#### [What you will do]
In the material below, find the line with "SELEKSI TERTULIS PPK.pdf"; set down that line and every line after it to the end, exactly, without pictures.
::: Provided data :::
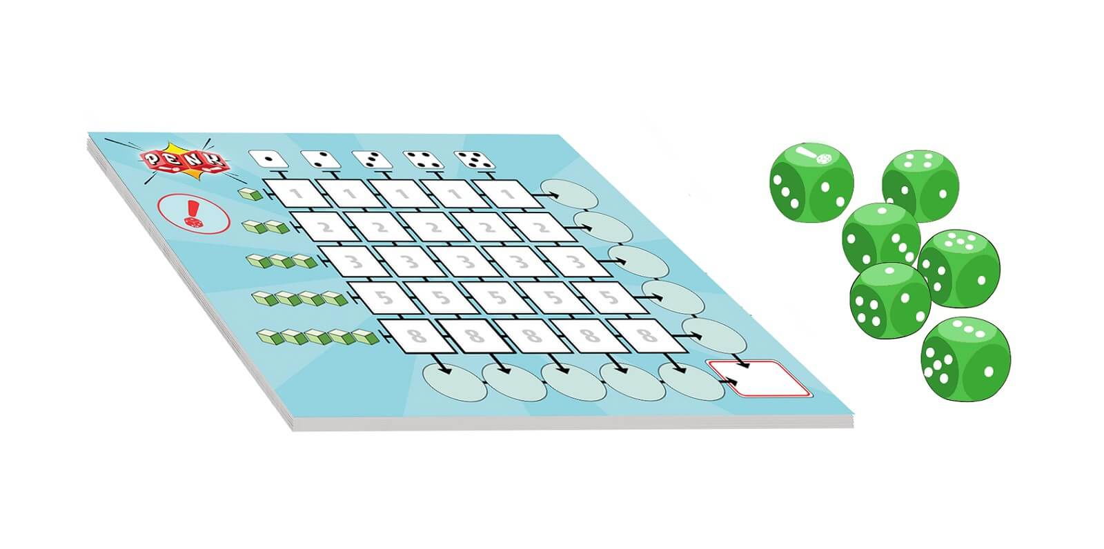 Fiecare zar contine numere de la 1 la 5, numarul 6 fiind inlocuit de semnul exclamarii “!” si reprezentand Jolly-ul jocului. Fiecare pagina din carnetel contine un tabel special. Randurile tabelului corespund numerelor de pe zaruri, iar coloanele numarul de zaruri.
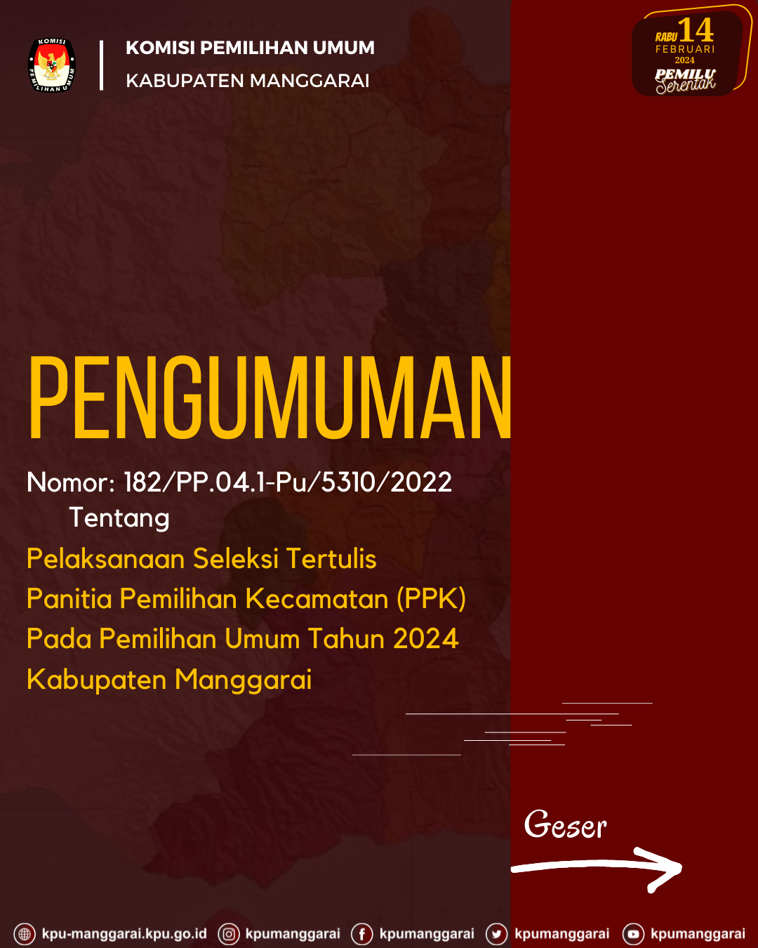 https://kab-manggarai.kpu.go.id/public/kab-manggarai/dmdocument/1670160764PENGUMUMAN 182 TENTANG PELAKSANAAN SELEKSI TERTULIS PPK.pdf
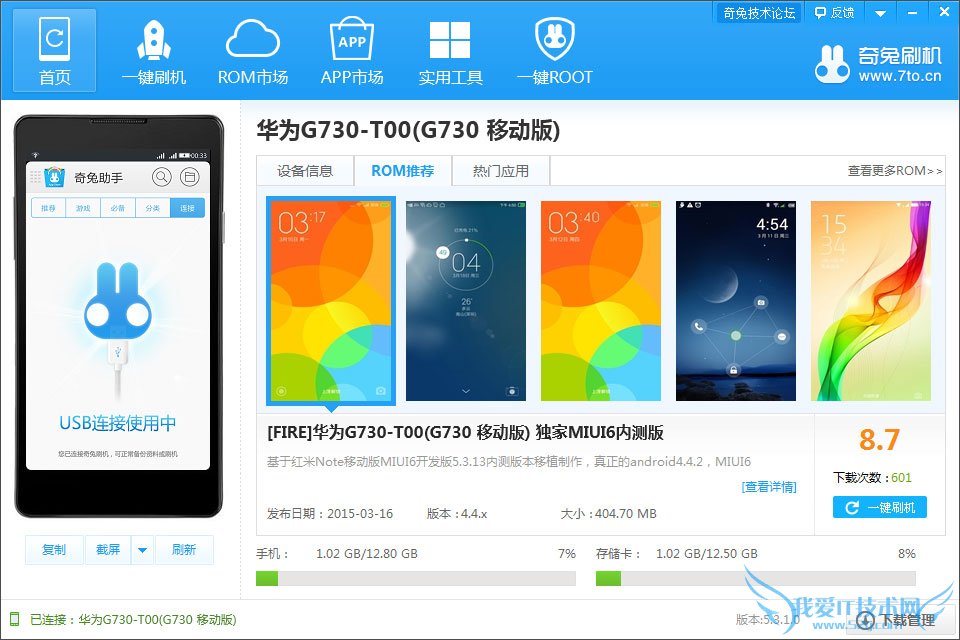 看到这里,你是不是觉得刷机很简单呢,体验更多的华为G730-T00 (G730 移动版)刷机ROM包,用户可进入奇兔刷机ROM市场下载,还不快来体验刷入各种手机OS的乐趣,希望这篇华为G730-T00 (G730 移动版)刷机教程对大家有所帮助。
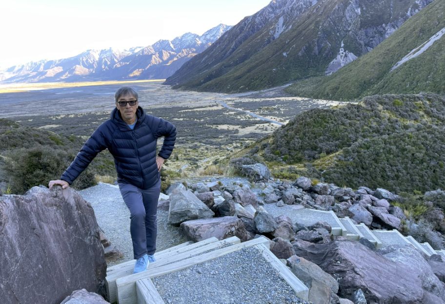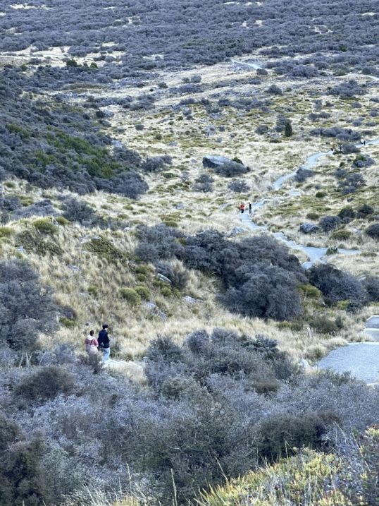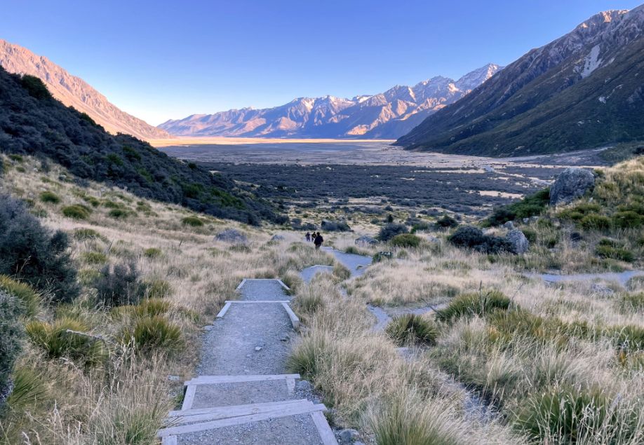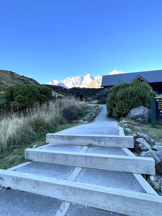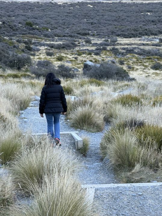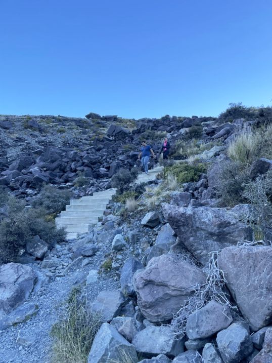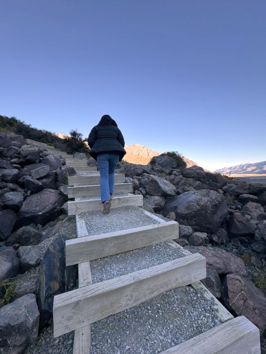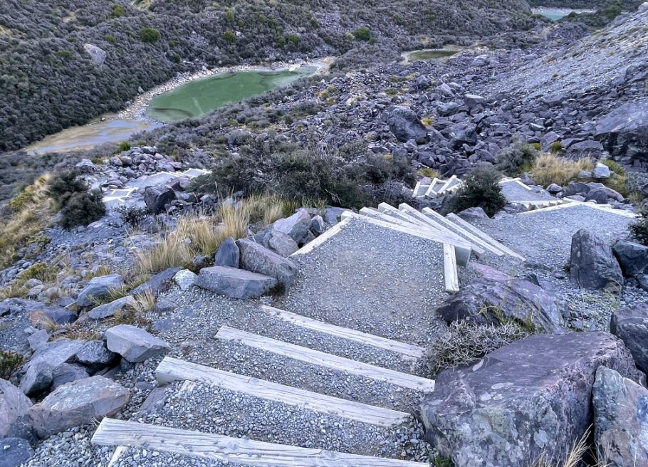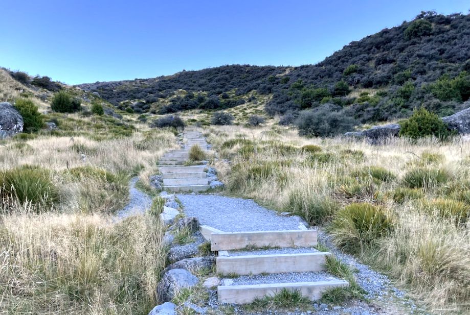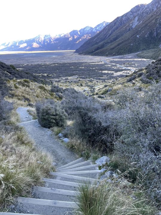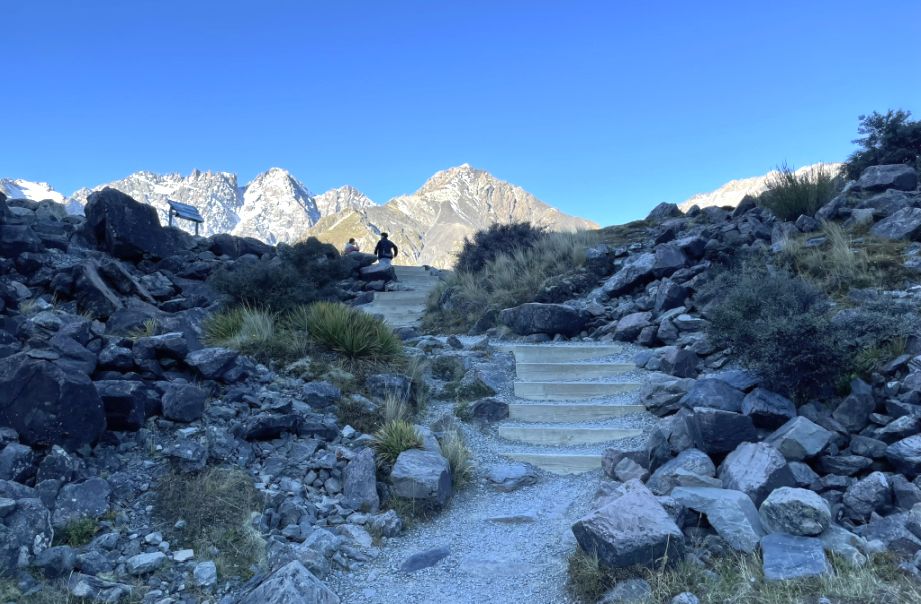 As we continued up the trail, the steps gradually became steeper, and we could feel the effort with each climb. The rocky stairs zigzagged up the hillside, but the views made every step worth it. The higher we climbed, the more the landscape opened up, revealing the raw, stunning beauty of the Tasman Glacier region.
:::
#### [Solution to this problem]
 https://kab-manggarai.kpu.go.id/public/kab-manggarai/dmdocument/1670160764PENGUMUMAN 182 TENTANG PELAKSANAAN SELEKSI TERTULIS PPK.pdf
 看到这里,你是不是觉得刷机很简单呢,体验更多的华为G730-T00 (G730 移动版)刷机ROM包,用户可进入奇兔刷机ROM市场下载,还不快来体验刷入各种手机OS的乐趣,希望这篇华为G730-T00 (G730 移动版)刷机教程对大家有所帮助。
 As we continued up the trail, the steps gradually became steeper, and we could feel the effort with each climb. The rocky stairs zigzagged up the hillside, but the views made every step worth it. The higher we climbed, the more the landscape opened up, revealing the raw, stunning beauty of the Tasman Glacier region.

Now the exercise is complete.